It’s just that there are many issues on which she feels strongly – and she leaps with agility.
Alice-Mary’s understanding of a broad range of subjects is impressive, and it’s difficult to imagine it being otherwise. The oldest child of President Michael D Higgins and his wife Sabina, she has been campaigning on social issues since childhood. The one she cut her teeth on was the 1995 divorce referendum, when she was 19, she says. That, and the first Gulf War.
Alice-Mary’s career path saw her join Trócaire, working on policy and advocacy in the areas of climate change, food security and peace building. She also worked successfully on the Older and Bolder campaigns to defend the State Pension and to protect home care. She was a co-ordinator with Comhlamh, an anti-racism project, and currently is Policy Co-ordinator for the National Women’s Council of Ireland.
That’s just for starters, as Alice-Mary’s CV in the area of social development and advocacy is a long one. At present she’s on unpaid leave from the Women’s Council, having decided at Christmas to pursue one of three NUI seats in next month’s Seanad elections. There are 30 candidates, but she’s campaigning hard and has some heavyweight backers, including Catriona Crowe of the National Archives, and retired UCD lecturer and women’s rights campaigner, Ailbhe Smyth, as well as NUIG’s Head of Law, Professor Donncha O’Connell.
“I’m conscious that I have stepped out of one sphere and into another,” says Alice-Mary on a visit to Galway where she’s mixing campaigning with the opportunity to catch up with friends.
On another level, though, this campaign is “a continuum of the work I have been doing; an attempt to take it onto a different level”, she adds.
With the Women’s Council, Alice-Mary has addressed various Oireachtas committees, which has given her a sense of what these cross-party groups, made up of TDs and Senators can achieve.
They are calmer arenas that the Dáil chamber and offer a place where “civil society can get legislation initiated”.
Alice-Mary has spoken on the issue of gender pay gap and worked on the Low Pay Commission Bill, which she describes as “good, but I wanted it to have a stronger mandate so that we could look at work poverty and the gender pay gap”.
She lists off statistics to show how this gap is increasing, not decreasing and how women’s pensions are also often lower than men’s.
Tackling low-paid work is something she feels strongly about, as are ‘If-and-when contracts’ (similar to zero-hour contracts).
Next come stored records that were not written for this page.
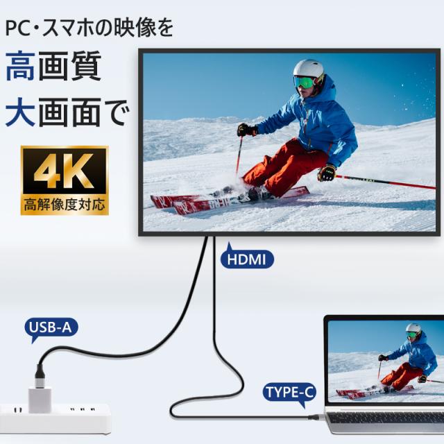 4K解像度(3840×2160)にも対応しており、スマホなどのデバイスから映画、テレビ番組、音楽、写真などをHDMI端子(入力)搭載のテレビやモニタに映して、精細な画像をお楽しみ頂けます。
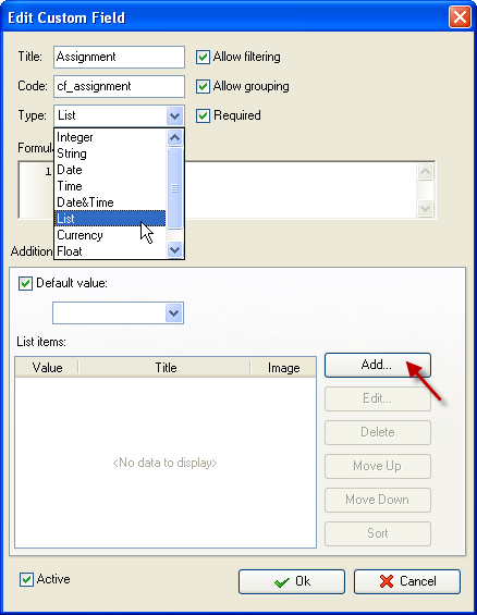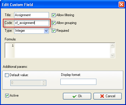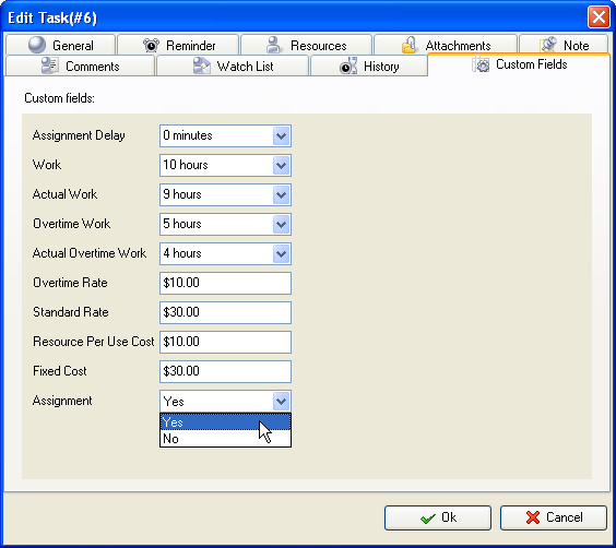 - Select "Yes" or "No" from drop-down list for custom field Assignment and click "Ok" button.
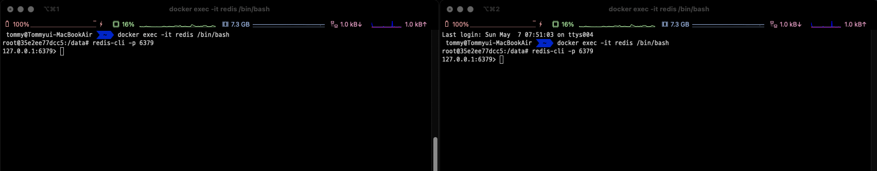 3. 레디스 서버 terminal로 실행 (두 가지를 띄워주면 됩니다.)
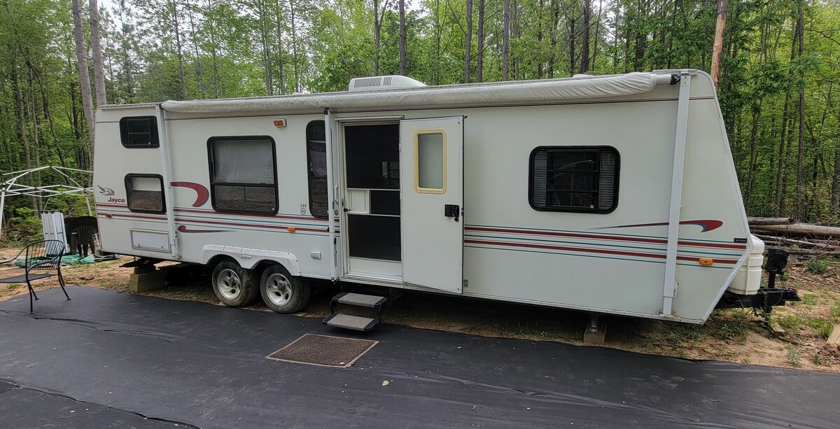 डेब्रेक ग्लॅम्प आणि कॅम्पमध्ये तुम्ही आमचे सनलाईन कॅम्पर बुक करू शकता आणि तुमचे ग्लॅम्पिंग अॅडव्हेंचर सुरू करू शकता! हे युनिट एक RV क्वीन बेड, एक सोफा सोफा आणि ड्रॉप डाऊन डिनेट स्लीप एरियासह 4 लोकांपर्यंत आरामात झोपते. हे युनिट एक खाजगी बाथरूम आणि गॅस ओव्हन आणि स्टोव्ह, मायक्रोवेव्ह आणि फ्रीजसह एक लहान किचन क्षेत्र ऑफर करते. यात A/C, हीट, फ्री लिनन आणि टॉवेल्स आहेत. वैयक्तिक प्रवाशांसाठी किंवा कुटुंबासाठी योग्य. हे नॉन - स्मोकिंग युनिट आहे. पाळीव प्राण्यांना परवानगी आहे, परंतु केवळ खाजगी बुकिंग्जसाठी.
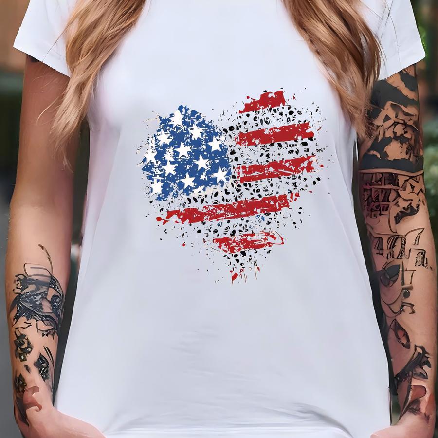 American Flag Heart Tee, 4th Of July Tee, American Girl Tee, Patriotic Gifts, Independence Day Totes, Women Shoulder T-shirt
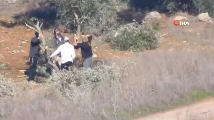 Filistin’in İsrail işgali altındaki Batı Şeria bölgesinde Yahudi işgalciler, İsrail askerlerinin korumasında gasp ettikleri Filistinlilere ait zeytin ağaçlarını kesti.
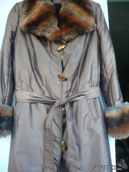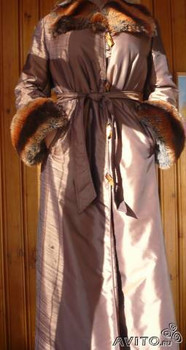 Длинное yтеплённое пальто-плащ из непромокаемой ткани с искусственным воротником (под шиншилу) и такой же отторочкой на рукавах на высокую девушку,женщину. Боковые карманы.Имеется пояс. Пальто смотрится очень красиво.В комплекте к пальто - шапка и шарф (100% шерсть).
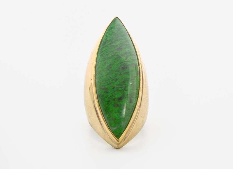 Ring: Some scratches and wear to metal, metal not stamped, testing as 18K, set with a smooth Maw-Sit-Sit stone measuring approximately 15.20mm x 47.30mm.
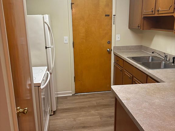 Newly available with new wood flooring. First floor apartment. Comes with covered parking in the rear. Laundry hookups available for an additional fee. Coin laundry available. Tenant pays electric. Great location. No pets or smoking allowed. Tenant pays rent electricity.

She has addressed the Oireachtas Jobs committee on that that issue.
The Seanad would present her with an opportunity to bring her experiences from civil society – including the Older and Bolder pension campaign, and campaigns on women’s issues, to a wider forum.
As a Senator, she could also “invite others in as witnesses and to draw on their expertise to ensure the legislation that’s passed is working on the ground”, she says.
It would be impossible interview Alice-Mary without asking if she has Dáil ambitions.
The Labour seat in Galway West, which was hard-won and held by her father over several elections, was lost just a month ago when his successor, the sitting incumbent, Derek Nolan, was defeated.
Alice-Mary might seem to many to be a potential successor to Michael D, but she dismisses that. Her life so far has involved “working with national groups and drawing mandates from national organisations. I know and am familiar with that cross-cutting mandate, which is national rather than local”.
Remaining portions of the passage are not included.